さて今日は、ヒマワリの生態について、一般にはあまり知られていない珍現象をお教えしましょう。

ヒマワリは太陽光を感知すると、植物ホルモンの作用によって茎が曲がり、花が太陽の方向に向きます(正の屈光性)。

これは、光エネルギーをもっとも効率よく受容するための合目的的な現象です。

太陽の動きにつれて茎の曲がり具合も刻々と変化するので、あたかも花が太陽を追いかけるように、東から南、南から西へと向きを変えていきます。

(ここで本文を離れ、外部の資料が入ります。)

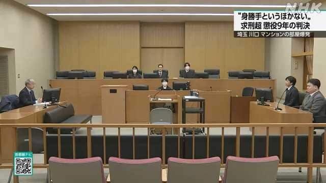 去年、埼玉県川口市でガスを充満させたマンションの部屋に火をつけて爆発させ3人にけがをさせた罪などに問われた被告に対し、さいたま地方裁判所は「自殺しようと火を付けたのは身勝手というほかなく、責任は重大だ」として、求刑を上回る懲役9年の判決を言い渡しました。

日が沈むとホルモン分泌は途絶え、ヒマワリも眠りに入ります。したがって花はみんな西向きで夜を過ごすのです。

ところが翌朝、東の空が明るくなると、花はあわてて東向きに急転回します。これは数分間、おそらくは数秒以内の現象でしょう。

花は西から南を経由して東向きに戻ります。もしも北回りだと、茎がよじれてしまうからです。

ヒマワリ畑で、この急転回の決定的瞬間を見てみたいものです。

おそらくザワザワと音をたてて大騒動になっていると思われますが、いまだに目撃者はいないようです。

今日の話、子供には教えないで下さい。事実とは少し異なりますので・・・

(正しい現象についてはまた後日)

スピーチ

当院の看護師長が先月めでたく結婚いたしました。私は新婦側の主賓として披露宴に招かれました。

その主賓スピーチをめぐるドタバタが、今回のお話です。

格調高い祝辞にするために、書店をまわってマニュアル本を購入。しかも3冊。しかし読まずに寝かせておく(イメージトレーニング)。

式の前日、異常なまでの集中力(焦りとも言う)をもって本を読破、ただちに原稿執筆開始。

祝辞にはひととおりの挨拶言葉が必須(社交辞令)。新婦を褒めるかと思えば、説教もたれる(アメとムチ)。

印象的なエピソードも3つぐらいは盛り込みたい(三点盛り)。

聴衆をホオッとうならせ、クスッと笑わせ、ホロッと泣かせて、あれもこれも・・・

あまり長いと途中で新婦のお色直しが入るかもしれません。

原稿を短くするのはホントに難しい作業です。

会場に向かう5分前に脱稿(人気作家並み)。念のため原稿を印刷。プリンタ設定がうまくいかず、異様に小さいフォントになったけど修復の余裕なし。

この日のためにヨネザワで新調したメガネ(遠近)は仕上がりが間に合わず。

車中で原稿を暗唱しようにも、意外に早く会場に到着。会場では知人に邪魔されて暗唱もままならず。

緊張を和らげるためのアルコール摂取は、尿意をもよおすばかりで逆効果。

テーブルに着いたらもはやまな板のコイ状態。

そして新郎新婦が入場。急に私は気が楽になりました。

「私の出番はたかだか3,4分間。この人達は2時間緊張の連続なのだ」と。

気がつくとスピーチは終了していました。

それを撮影したビデオを、私はまだ見ることができません。